Seorang teman pernah berkata dengan tegas, bahwa ia tidak akan memilih pasangan hidupnya dari orang-orang terdekatnya. Ia menegaskan, bahwa menikah dengan teman satu organisasi bukan menjadi pilihan yang baik. Di lain waktu, teman yang lain mengatakan hal yang serupa namun dengan sedikit improvisasi, bahwa ia tak ingin menikah dengan teman dari satu organisasi, namun ia juga tak ingin menolak, jika yang datang melamar adalah teman satu organisasi. Alasannya cuma satu, “saya takut malah jadi menolak jodoh yang sholih”
Pada kisah yang lain, seorang ibu sering marah kepada anaknya, karena sang anak bekerja bukan pada bidang yang ia pelajari saat kuliah. Saat kuliah ia belajar akuntansi, kemudian ketika lulus, ia malah mengajar bahasa Inggris. Sang ibu mempunyai idealisme yang mendorong dirinya untuk mengatakan, bahwa sia-sia saja anaknya kuliah di jurusan akuntansi, toh sekarang bukan kerja di Bank atau bekerja sebagai accounting, eh malah mengajar bahasa inggris. Setiap dimarahi oleh ibunya, ia hanya bisa terdiam. Karena tak dipungkiri, ia pun jadinya merasa salah jurusan.
Dua kisah diatas adalah kisah nyata, kisah yang ada disekitar penulis. Penulis sendiri termasuk orang yang dikebiri oleh idealisme keluarga dekat, yang mengatakan bahwa menjadi pegawai negeri adalah semacam garis keturunan, dan wirausaha bukan menjadi pilihan yang baik. Yaa.. begitulah, walau sekarang penulis tetap pada pilihan untuk berwirausaha.
Dalam kehidupan, idealisme bisa menjadi kereta kuda yang membuat kita bergerak cepat sampai ke tujuan, tapi di sisi lain, jika idealisme itu kita anggap tuhan, dan selalu membenarkan walaupun sudah terasa tak cocok lagi untuk menjalani hidup, maka yang timbul adalah kekecewaan dan kesedihan yang berat.
Kita bisa menerka-nerka, andai saja Yorris Sebastian memilih untuk tetap melanjutkan kuliahnya, mungkin ia takkan menjadi sesukses sekarang, atau Bill Gates, atau bahkan Thomas Alfa Edison yang tak lagi menuntut ilmu di sekolah formal sejak tingkat dasar.
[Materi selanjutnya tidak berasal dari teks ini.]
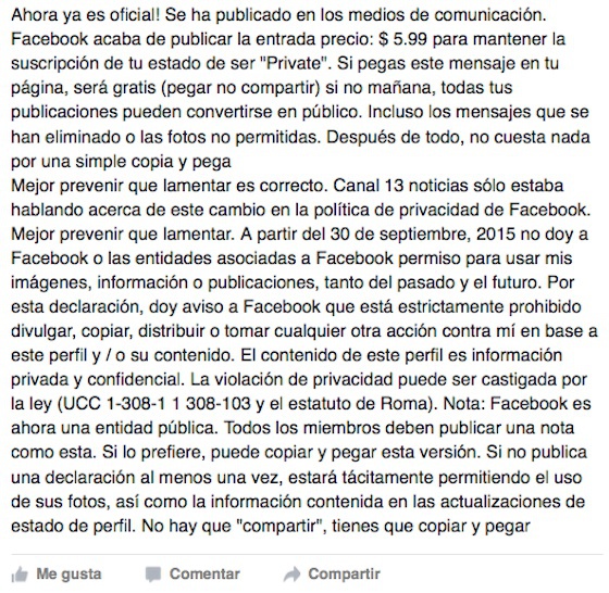 Lo que se contaba: a finales de septiembre una publicación en inglés alertaba de que Facebook pasaría a ser de pago y haría públicos todos los mensajes de los usuarios a menos que compartieran el post. Semanas después, llegó a España.

Semua itu karena merekalah yang mengendalikan idealisme, bukan idealisme yang menendalikan mereka.
Idealisme bukanlah tuhan, yang selalu kita patuhi perintahnya dan kita jauhi larangannya. Idealisme hanya sekedar peta untuk penunjuk jalan, dimana untuk mencapai sebuah tujuan, kita bisa menggunakan ribuan bahkan jutaan jalan.